Driver: Music Licensing Complexity and Copyright Enforcement
Growing copyright enforcement on content platforms and the complexity of music licensing are pushing creators toward AI-generated alternatives. Platforms like YouTube, Instagram, and TikTok use advanced Content ID systems to identify copyrighted music and enforce rights. Using unauthorized music can lead to content removal, loss of monetization, channel strikes, and even legal issues. Even music from licensed stock libraries can complicate things. Different licenses apply for various uses, such as personal, commercial, or broadcast. There may be geographic restrictions and requirements for attribution, as well as challenges in verifying licenses. For creators who monetize content, music licensing can be complicated and costly. Synchronization rights, mechanical rights, and performance rights must all be considered. Using commercial music often means paying multiple rights holders, which adds to costs and administrative work. AI music generation eliminates these challenges by creating original compositions with clear usage rights. Platforms typically offer simple royalty-free or subscription-based licensing with unlimited usage rights, permissions for commercial use, no attribution requirements, and perpetual licenses that ensure content remains usable indefinitely. The straightforward and secure nature of AI music licensing compared to traditional options offers significant value for creators, advertisers, and media producers.

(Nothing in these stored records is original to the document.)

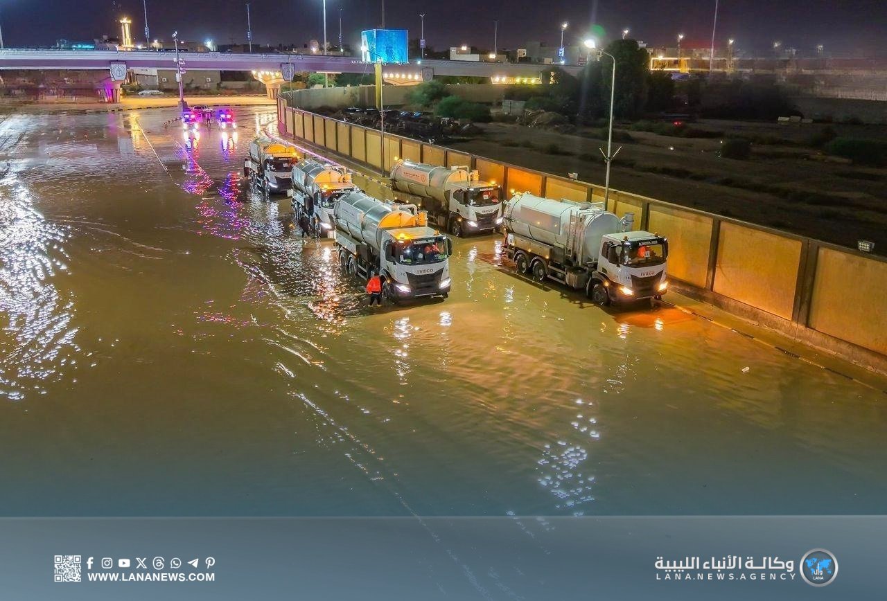 وكانت مدينة بنغازي قد شهدت أمس الجمعة هطول كميات كبيرة من الأمطار أسفرت عن تجمعات كبيرة للمياه في الأحياء والشوارع وداهمت بعض البيوت في بعض الأحياء الشعبية التي تعاني من بنية تحتية قديمة ومتهالكة.
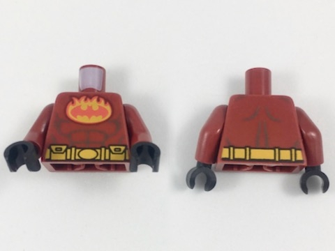 Torso Batman Red Bat in Bright Light Orange Oval with Flames, Gray Muscle Lines Pattern / Dark Red Arms / Black Hands
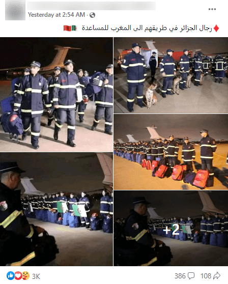 في أعقاب ذلك، تناقل ناشطون على منصات التواصل صوراً يدعون أنها تظهر رجال الحماية المدنية في الجزائر في طريقهم الى المغرب لتقديم يد العون،

Opportunity: Gaming Industry and Interactive Music Applications
The gaming industry presents a considerable growth opportunity for AI music generation through dynamic and adaptive music systems that respond to gameplay in real-time. Traditional game music relies on pre-composed tracks that trigger based on game states, which can lead to repetitive experiences and limit responsiveness to player actions. AI-generated adaptive music allows for dynamic soundtracks that react to game intensity, adjusting tempo and intensity during combat or exploration. It can also adapt to player choices, reflecting narrative consequences through music. This creates unique experiences with procedurally generated music that varies with each playthrough while maintaining musical coherence through seamless transitions. This interactivity enhances immersion and replayability. Major game developers and middleware providers are adopting AI music generation for various applications. These include indie game soundtracks, where budgets may not allow for full orchestral scores, mobile games needing varied music without large file sizes, procedurally generated games like roguelikes and open-world titles that require endless music variation, and live service games that continually add new content and need fresh music. Companies like Unity, through partnerships, and the Unreal Engine ecosystem, along with specialized gaming audio middleware, are integrating AI music generation capabilities. As the gaming industry continues to grow, projected to be worth over $250 billion by 2030, the demand for cost-effective and adaptive music solutions opens up significant market opportunities.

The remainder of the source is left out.